Smart Vehicle Safety Tips Parents Can Use

There's car safety for children beyond safe driving and car seat use. Child locks, never leaving children unattended, and securing all items in your vehicle are just a few of the ways you can make your vehicle safer for kids.

  • Never leave children unattended in a vehicle: Anything could happen if you leave your children unattended in your vehicle. It could be hit by another driver, they could get out of the car and go missing, they could be abducted, your car could be stolen, or it could become dangerously hot or cold. You could even forget you left them in the car, as unlikely as that sounds.
  • Give yourself a reminder that children are in the back seat: Children die when forgotten in hot or cold cars, and often, their deaths are an unfortunate mistake as parents simply forget they are in the car. Even if you think you'd never forget your child, take precautions to remind yourself they're in the back every time you drive them. Leaving a purse, cell phone, wallet, or even a shoe in the back seat will prompt you to look in the back seat and remember them. You can develop a habit of looking in the front and back of your vehicle every time you leave whether a child is in the car or not. A stuffed animal, child's bag, or other item you'll notice can be placed in the front seat. It's also smart to ask child care providers for help, requesting that they call you if your child is not in class when they expect him or her to be there.

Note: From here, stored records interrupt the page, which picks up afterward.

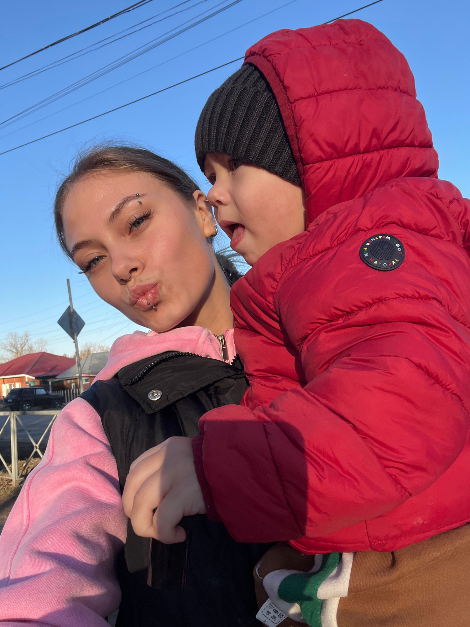 An outdoor, eye-level photograph, rotated 90 degrees clockwise, captures two individuals against a clear blue sky. The scene is set in what appears to be a street or residential area, indicated by dis…read more
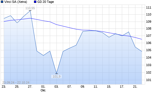 Mit dem Rücksetzer auf 106,00 EUR hat die Vinci-Aktie am 21.10.2024 die 20-Tage-Linie nach unten gekreuzt.
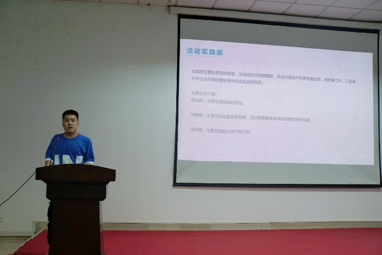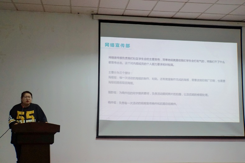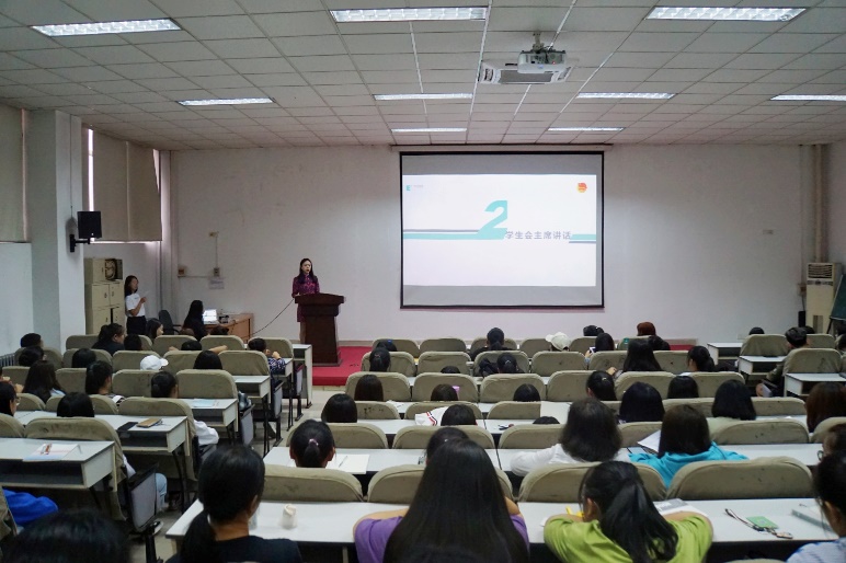 大会第一项,由学生会主席闫雪芮上台讲话,
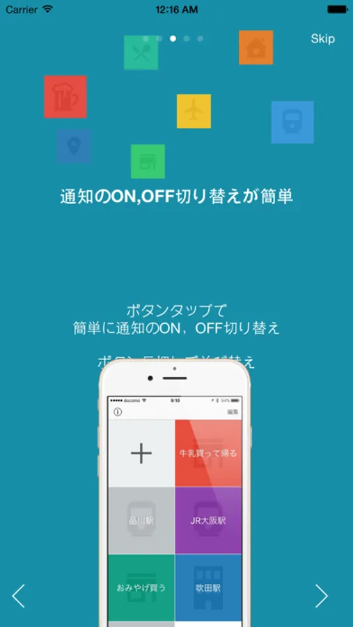 - Notification of on-off is it easily done in one tap. (※ location that can be ON is a maximum of 5 points) if carried out prior to the registration of location, will switch the only notification to tap. - Since the notification will come up to four times, it is somewhat easy to notice.
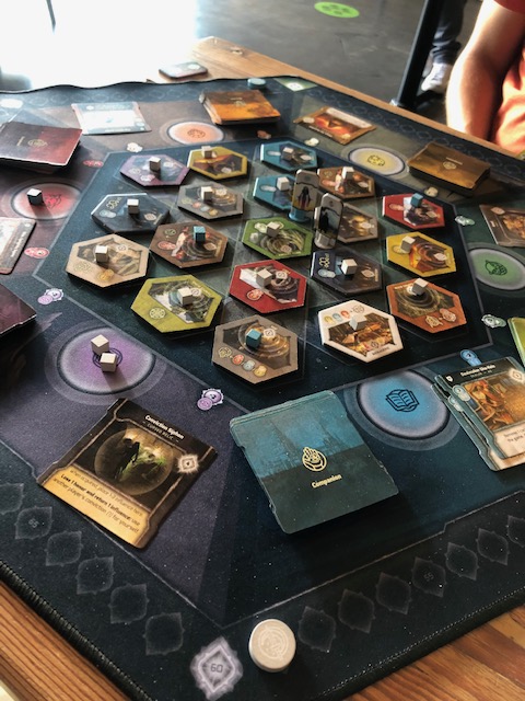 We then headed to Wildwood Taphouse to play games; we knew they were open. As usual, I opened a tab and asked permission to play a board game. They were not very busy; the newish bartender was interested in Vindication. We explain some of the game’s features to her.
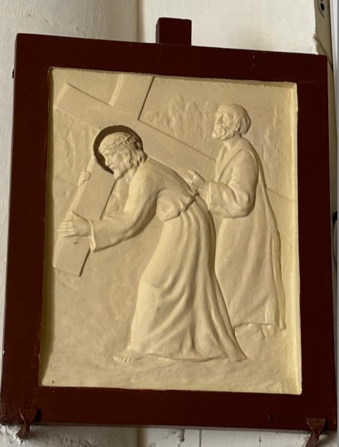 5e station : Simon de Cyrène aide Jésus à porter sa croix. |
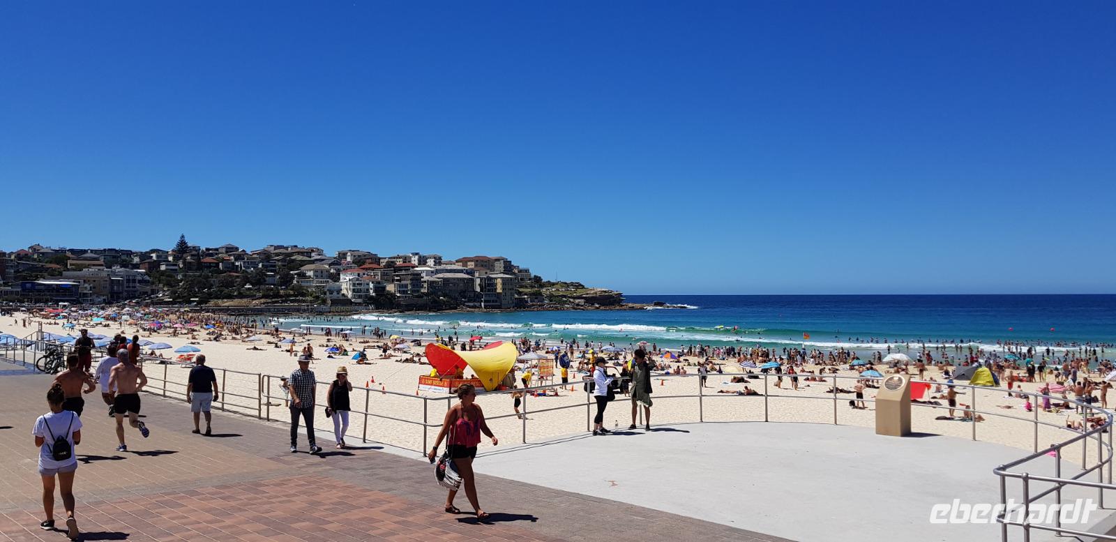 Aber auch der berühmte Bondi Beach darf natürlich auf unserer Erkundungstour durch die Stadt nicht fehlen. Da Sonntag ist, halten sich hier heute viele Einheimische auf, um sich die letzten wärmenden Sonnenstrahlen im australischen Spätsommer auf den Bauch scheinen zu lassen. Am frühen Nachmittag sind wir zurück an unserem Hotel und haben nun ausgiebig Zeit, die Stadt auf eigene Faust zu erkunden.

  • Have children ride in the back seat: It's typically against the law for children to ride in the front seat, but it bears repeating: put kids in the back seat, preferably the middle seat, where they will be most protected in case of a crash.
  • Activate child locks: Prevent dangerous situations with children who can open doors -- and even unbuckle car seat restraints. Switch child locks on so that they can't open the door without your help. Typically, all it takes is to move a switch on the inside frame of the door.

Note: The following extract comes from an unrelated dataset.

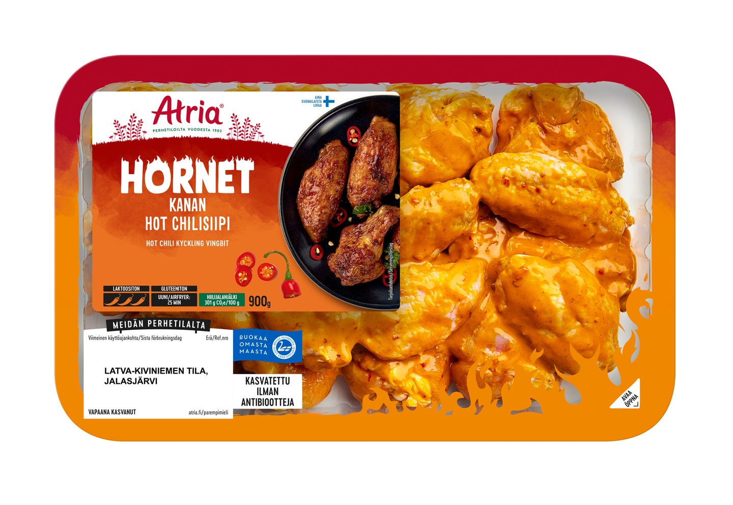 Atria Hornet Hot Chili tulisesti marinoidut siivet on helppo tapa valmistaa uunissa sormiruokaa. Siipien kanssa maistuvan kokonaisuuden täydentää pilkotut kasvikset, kuten porkkanat, paprikat, kurkut ja varsisellerit. Lisäksi voit tehdä kanansiiville oman dipin täydentämään jo herkullista makumaailmaa. Ota siivet huoneenlämpöön ½ tuntia ennen kypsentämistä. Levitä siivet tasaisesti uunipellille leivinpaperin päälle ja paista 250°C tasalämpöuunissa n. 25 min, kunnes sisälämpötila on 75°C. Siivistä saa mukavan rapeita pinnasta, kun ne asettelee uunipellille hieman erilleen toisistaan. Antibioottivapaa-merkintä pakkauksessa kertoo, että eläimet eivät ole tarvinneet ainuttakaan antibioottikuuria elämänsä aikana.

  • Buckle and lock seat belts that aren't in use: Children may be able to reach and play with seat belts that are left unbuckled, causing a strangulation hazard or even potentially dangerous impacts. To avoid this danger, buckle and lock all seat belts that you're not using for car seats.

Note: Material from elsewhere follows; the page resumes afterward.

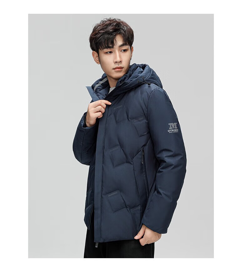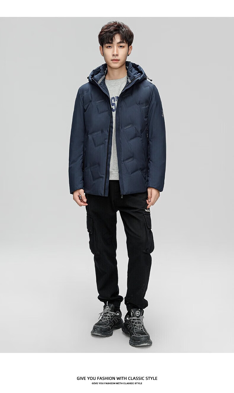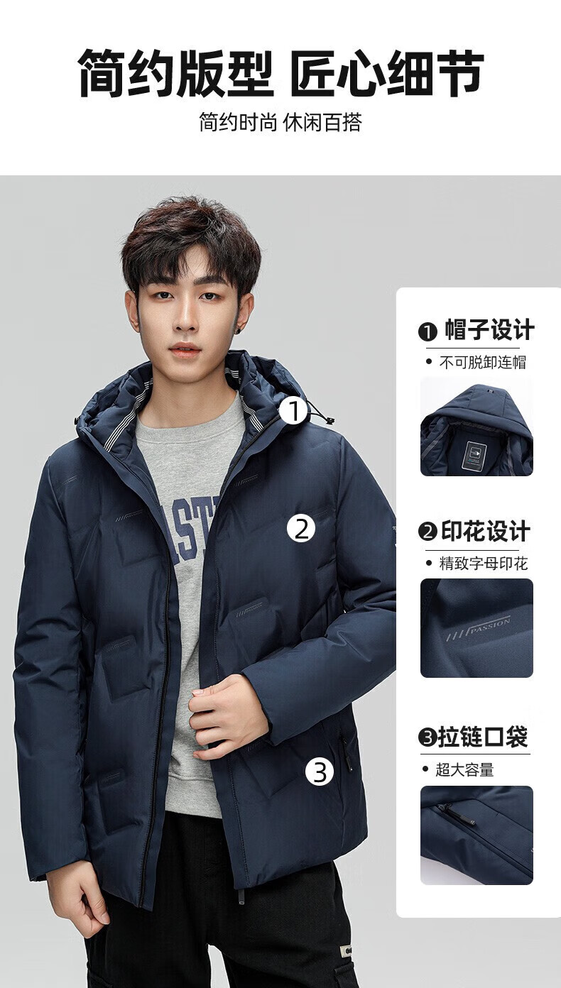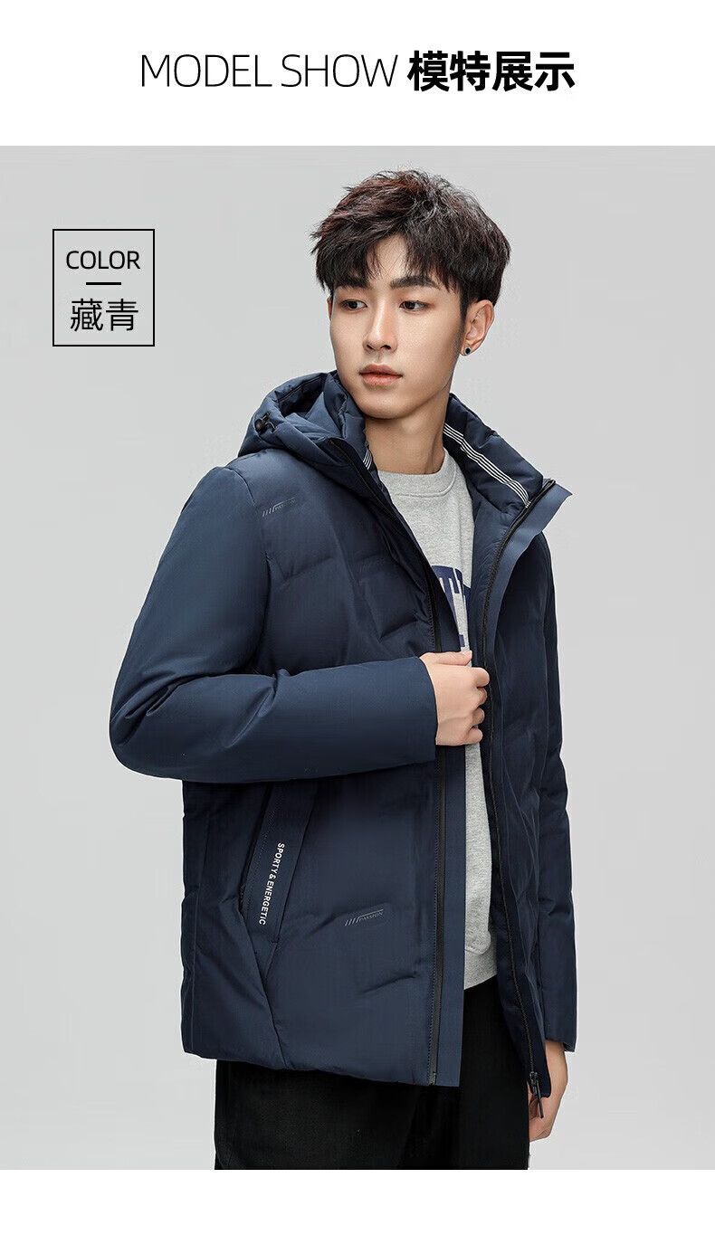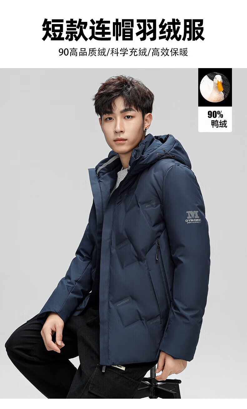 鸭鸭(YAYA)羽绒服男短款连帽立领厚款保暖青年冬季新年工装外套 藏青 2XL 185 (建议140-155斤)

  • Secure all items in your vehicle: Safely securing passengers significantly improves vehicle safety, but every item in your car can become a dangerous projectile during a car accident. Sports equipment, toys, even child seat mirrors can become dangerous. Heavy or hard objects should be stored in your trunk or strapped down in a cargo area. Choose soft toys to play with in your vehicle.
  • Don't eat in the car: For busy families, it may be easier said than done to avoid eating in the car. But for safety's sake, it's best for children and drivers to never eat in the car. Eating while driving is a distraction, and children are more likely to choke when eating in the car, especially if there isn't an adult in the back seat to supervise them as they are eating. If you have to eat in the car, stick to soft foods that you know your child can eat safely, and watch them as traffic allows.
  • Invest in a vehicle with top safety features: Safety features new and old can improve vehicle safety for your children. Dependability, front and side impact air bags, good crash test ratings, and adequate space for car seats are all important safety features. You should also look for back up cameras, LATCH car seat systems, child safety locks, automatic door locks, cargo security straps, and window locks or restrictions.

While ultimately, driving with your children is more risky than, say, staying at home in a protective bubble, your vehicle doesn't have to be a dangerous place for children. Take these steps to improve the safety of your vehicle and reduce your child's risk of injury or death due to a car accident or other incident on the road.